Although the wife never argued below that the 1985 judgment should be vacated for lack of jurisdiction pursuant to CPLR 5015 (a) (4), contrary to the husband’s contention, this Court may review the argument since it is a legal argument which appears upon the face of the record and could not have been avoided if brought to the husband’s attention at the proper juncture (see Chateau D’ If Corp. v City of New York, 219 AD2d 205, 209 [1996], Iv denied 88 NY2d 811 [1996]). The wife’s argument, however, lacks merit. Although a motion to vacate a judgment for lack of jurisdiction may be made “at any time” (Caba v Rai, 63 AD3d 578, 580 [2009]), such a motion should be denied if the movant acted as if the judgment were in effect before moving to vacate it (Calderock Joint Ventures, L.P. v Mitiku, 45 AD3d 452, 453 [2007]).
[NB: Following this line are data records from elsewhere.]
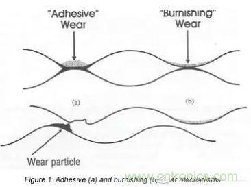 在(b)處較弱的界面可能在原始界面處或附近斷裂,很少發(fā)生磨損。(a)處的磨損過(guò)程通常稱(chēng)為粘著磨損,(b)處的磨損過(guò)程稱(chēng)為拋光磨損。如果在放大鏡下觀察連接器咬合過(guò)程中產(chǎn)生的磨損軌跡,在30~50倍放大時(shí),粘著磨損軌跡將顯示出磨損顆粒的跡象,并顯得有些粗糙,而拋光磨損軌跡將顯得光滑和光亮。
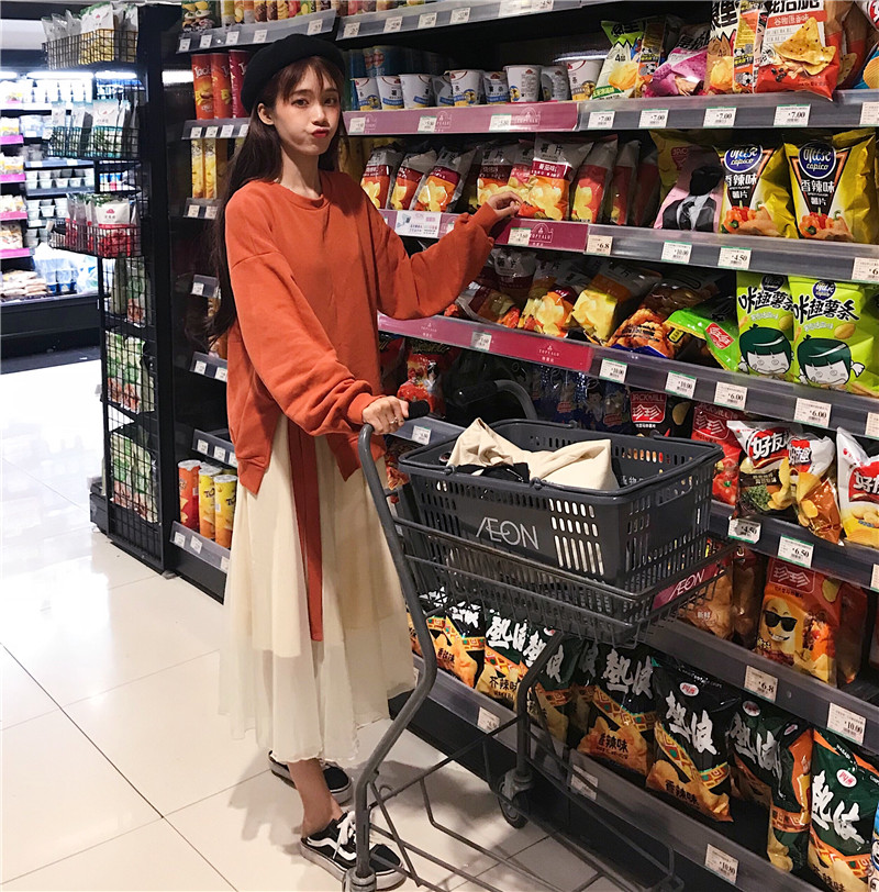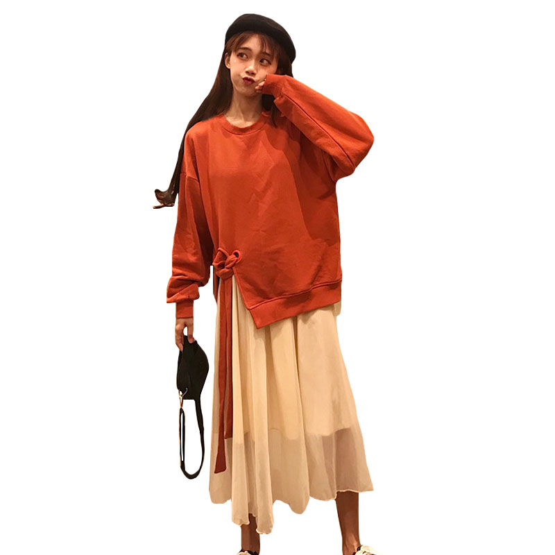 / 韓版時尚休閑套裝秋季chic開叉綁帶衛衣外套+大擺半身裙兩件套女
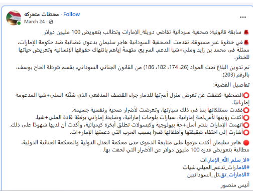 - نشر محتوى مضلل ضد «الدعم السريع».
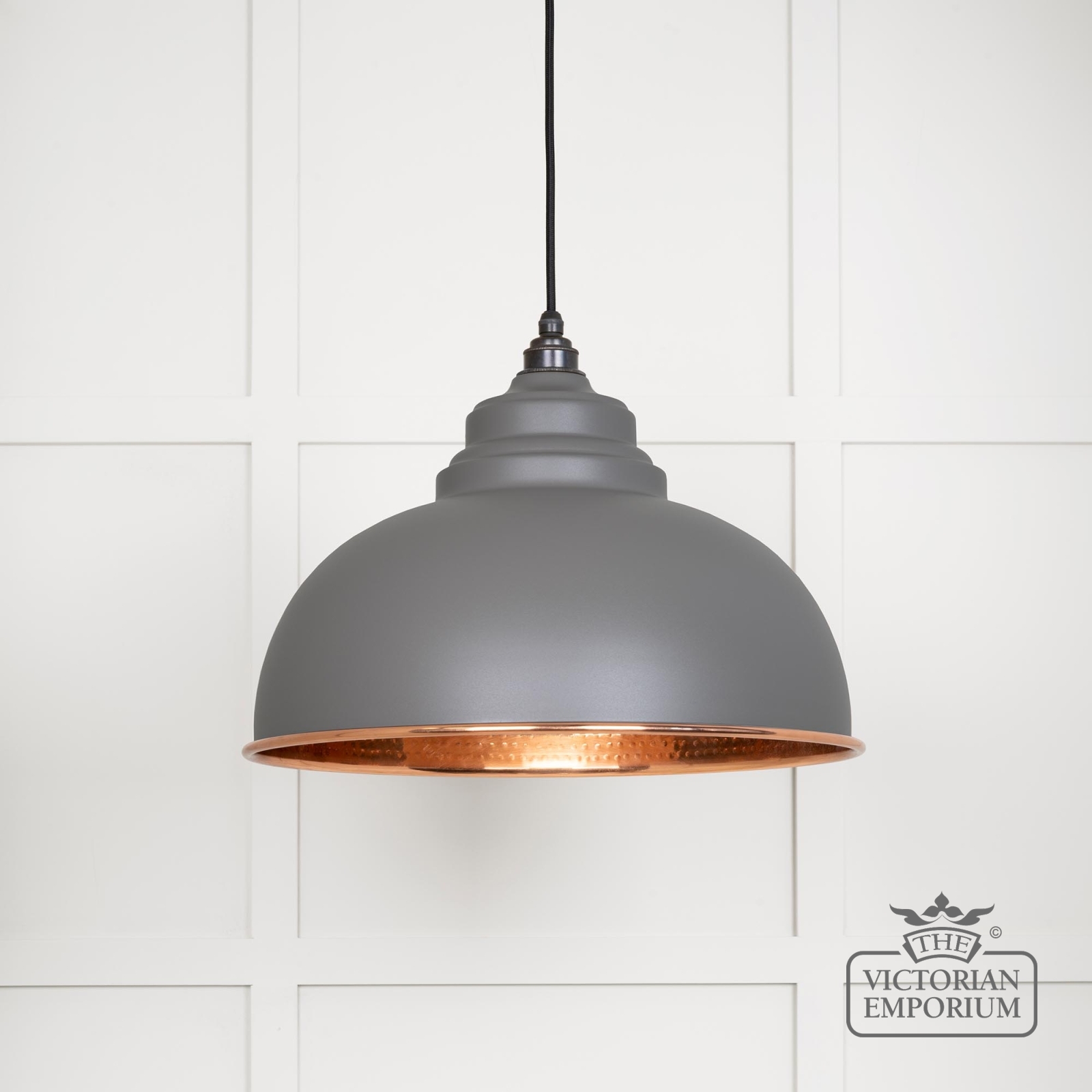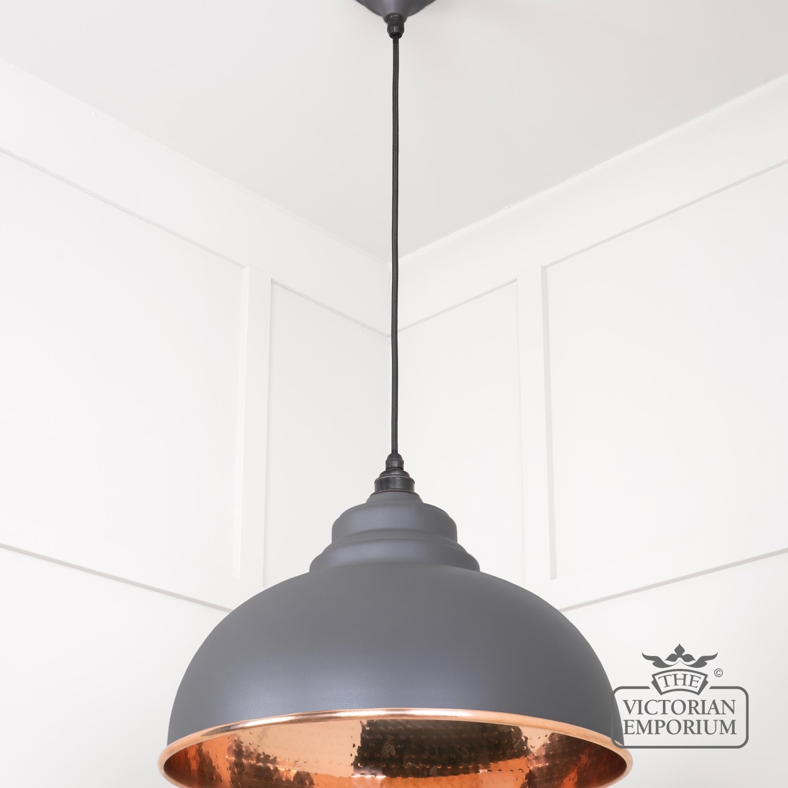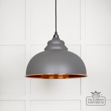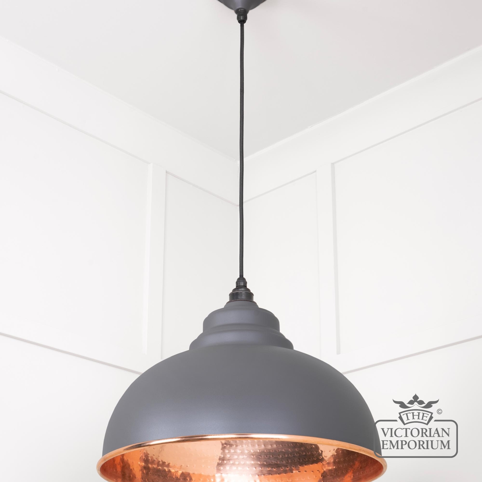Harlow Pendant Light in Bluff with Hammered Copper Interior
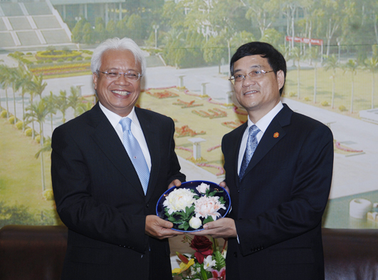 8月19日上午,泰国驻华大使马纳塔先生一行4人访问我校,张禹东副校长接见了来宾,双方就在泰国开展华文教育事宜展开了深入的探讨。 在陈嘉庚纪念堂二楼接待室,张禹东副校长首先向来宾介绍了目前我校华文教育的基本情况,他认为中泰两国人民要相互了解对方的风俗,语言教育起到十分重要的作用。张副校长更表态,我校愿以最大的诚意在泰国开展华文教育的工作。 泰国大使表示,在泰国开办中文语言学院,不仅是语言上的教学,更是一种文化的教学,有利于中泰两国加深文化交流。华侨大学肩负着发展全球华文教育的使命,而且在这方面有丰富的教学资源,因此希望学校能给予教学经验等方面的支持。 随后,双方就语言学院的合作项目进行了讨论。据悉,泰国将在国内的商务中心开办一所教授中文的语言学校,学校将以轻松、互动、自由的教学方式对社会各阶层人士教授中文,这次寻求与我校的合作旨在使其成为泰国国内最好的语言学院。
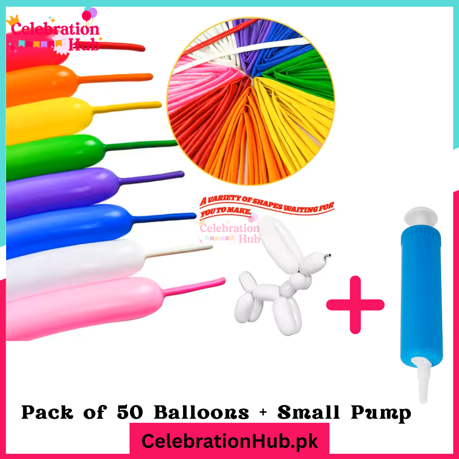 - Pack Includes: 50 long twisting balloons + 1 small balloon pump.
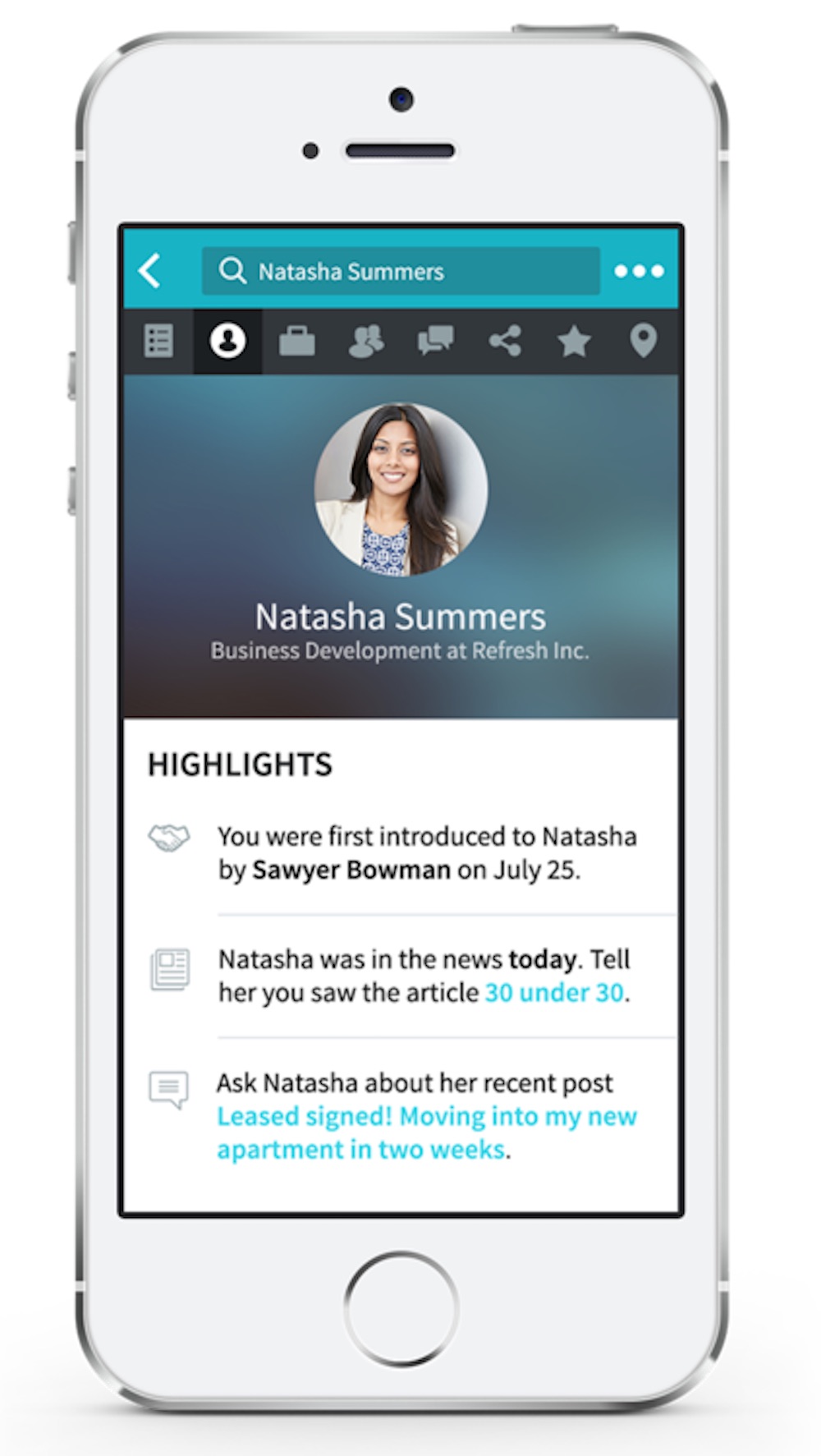 Refresh 可以用 Facebook 或者 LinkedIn 账号登入,并与日程、邮件绑定,有 iOS 和 Web 版本。在约定的会面之前,它可以帮助你回顾与对方初识的场景、邮件往来、在社交网络上的互动等。同时,它会自动抓取对方的社交网络动态、博客更新;如果对方是知名人士,还能够显示关于对方的新闻报道。
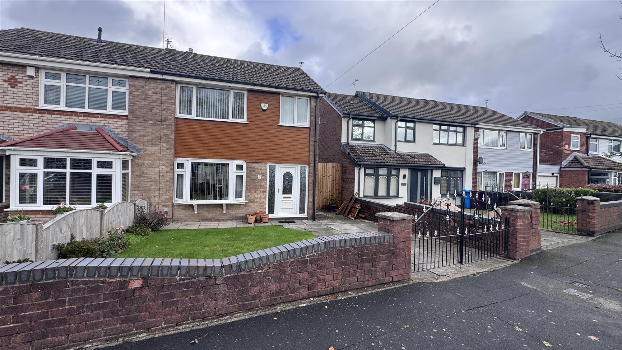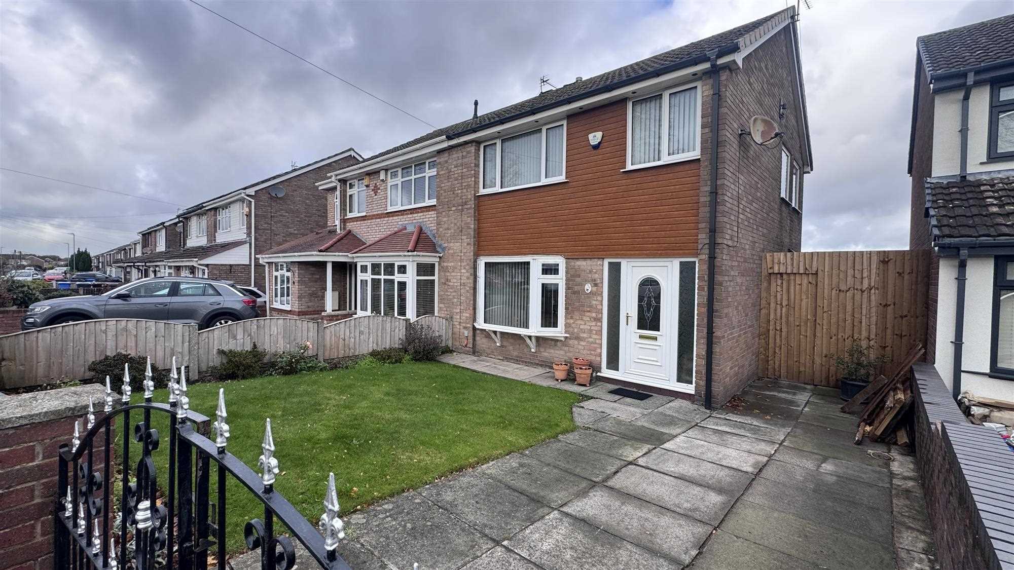 Brick boundaries with double metal gates, lawned area and paved off-road parking, Plenty of room for a side extension.
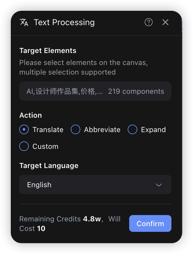 AI intelligently expands, summarizes, or rewrites text according to your needs, generating diverse and high-quality expressions.
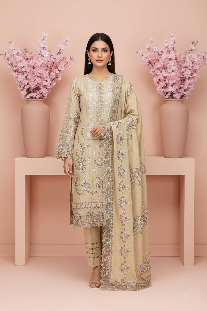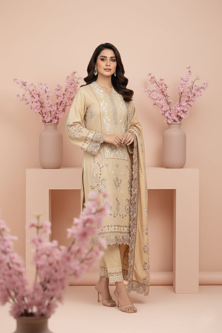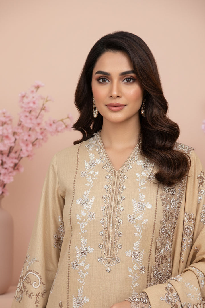 Embroidered Fancy Dhanak With Embroidered Wool Shawl
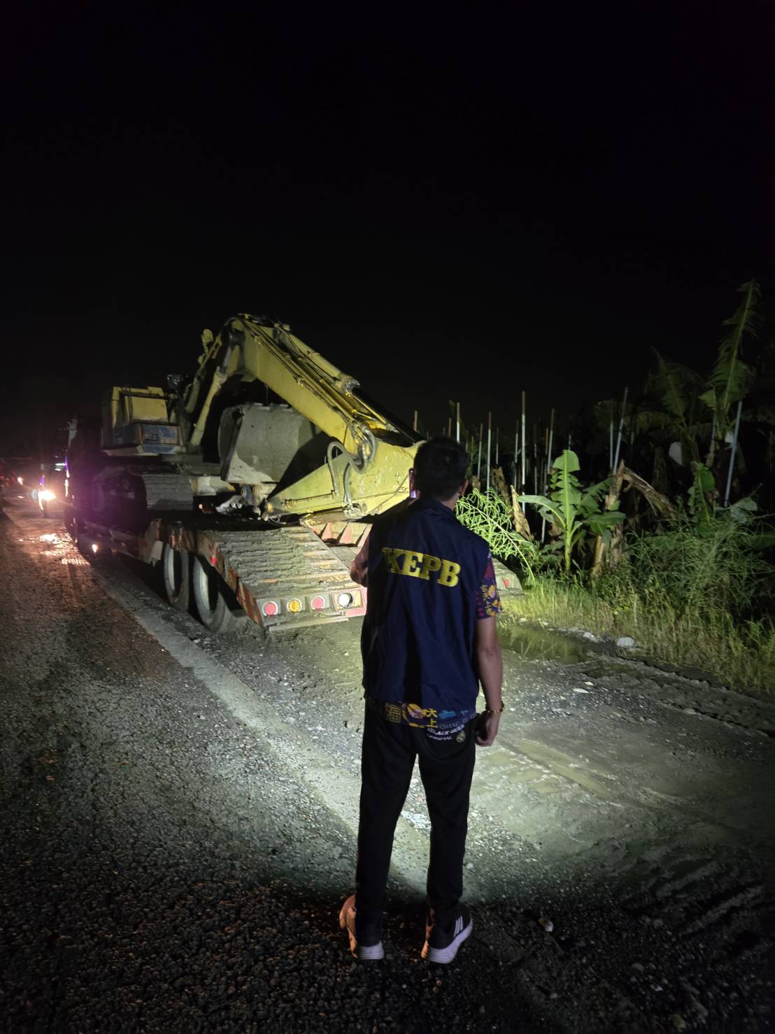 環保局表示,該處為既有專案列管坑洞,現場發現黃姓司機企圖移動怪手,警方立即留置人車,並進行現場戒護。稽查人員確認現場共有2台怪手,立即調派拖板車執行行政扣留,以利後續調查與蒐證。
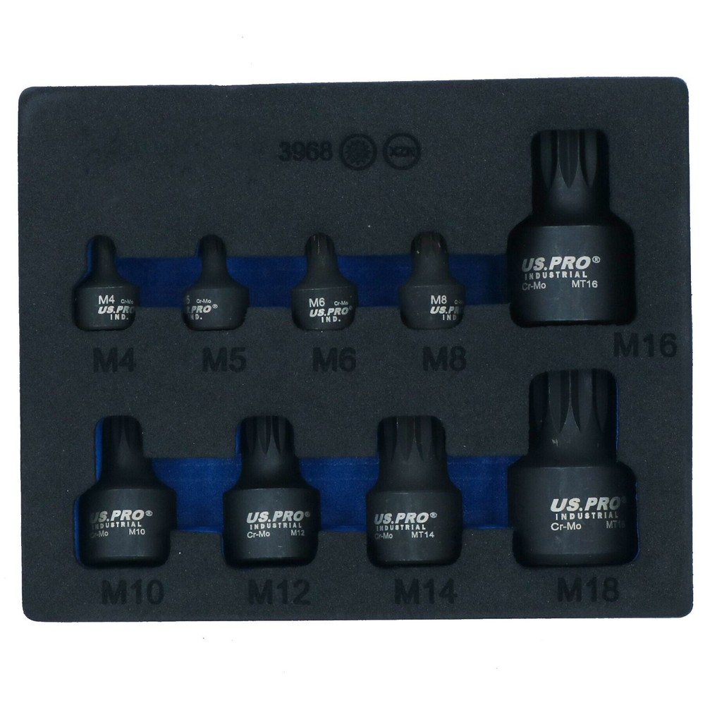 Stubby Impact XZN Spline Triple Square Male Sockets M4 – M18 Mixed Drive 9pc Description Professional triple square / spline sockets for commercial or occasional home use Stubby impact spline triple square bit sockets Spline / Triple square male sockets Spline sockets are also referred to as triple square sockets Triple square / 12 sided sockets this limits the amount of wear on the corners of the fasteners and the socket as you have more sides / teeth on the socket biting onto the item Stubby sockets so ideal for access into restricted awkward areas Mixed drive spline sockets Mixed drive including 1/4in, 3/8in and 1/2in drive Manufactured from CR-mo steel for maximum strength and durability Impacted sockets so suitable for use with high torque tool such as impact guns SET INCLUDES THE FOLLOWING • 1/4in Drive (total length 19mm) – M4, M5, M6 and M8 • 3/8in Drive (total length 30mm) – M10, M12 and M14 • 1/2in Drive (total length 38mm) – M16 and M18 Comes in an EVA foam tray for easy storage and transportation

Here, the IAS court determined that because the wife did not deny that she submitted the 1985 divorce judgment to the Queens County Family Court in 1992 to obtain support for herself and her children, she waived any objection to the court’s jurisdiction over her (see id.).
Given that the wife failed to submit a complete copy of her statement of net worth and her motion to vacate lacked merit, the IAS court providently exercised its discretion in denying the wife’s motion for counsel fees (see Domestic Relations Law § 237 [a]; see generally DeCabrera v Cabrera-Rosete, 70 NY2d 879, 881 [1987]).
The IAS court also providently exercised its discretion in denying the wife’s motion for expert fees, namely $1,000 for a handwriting expert’s appearance at trial. Because the wife’s motion to vacate the 1985 divorce judgment was denied, the handwriting expert’s appearance was not necessary.
However, inasmuch as each party contends that the other surreptitiously procured the 1985 judgment by some form of deceit, and given the policy implications of a fraud being perpetrated on the court, we exercise our independent discre*653tion and remand for an evidentiary hearing. If it is found that it was the wife who wrongfully obtained the divorce, her motion to vacate the judgment should be denied. If, however, it was the husband who was fraudulent, then Supreme Court can reach the issue of whether the wife’s delay in seeking to vacate the judgment was reasonable, or whether she waived any challenges to the validity of the judgment by relying on it in seeking maintenance and support in Family Court in 1992.
We do not find it necessary at this juncture to draw inferences from an incomplete and contradictory record, particularly in light of our remand for a hearing. Indeed, the need for an evidentiary hearing is manifest by the IAS court’s characterization of the wife’s lack of “credibility and bona fides” and the concurrence’s assertion that “there is a substantial basis for believing that the husband fraudulently obtained the divorce” (emphasis added). Concur — Acosta, Freedman and Román, JJ.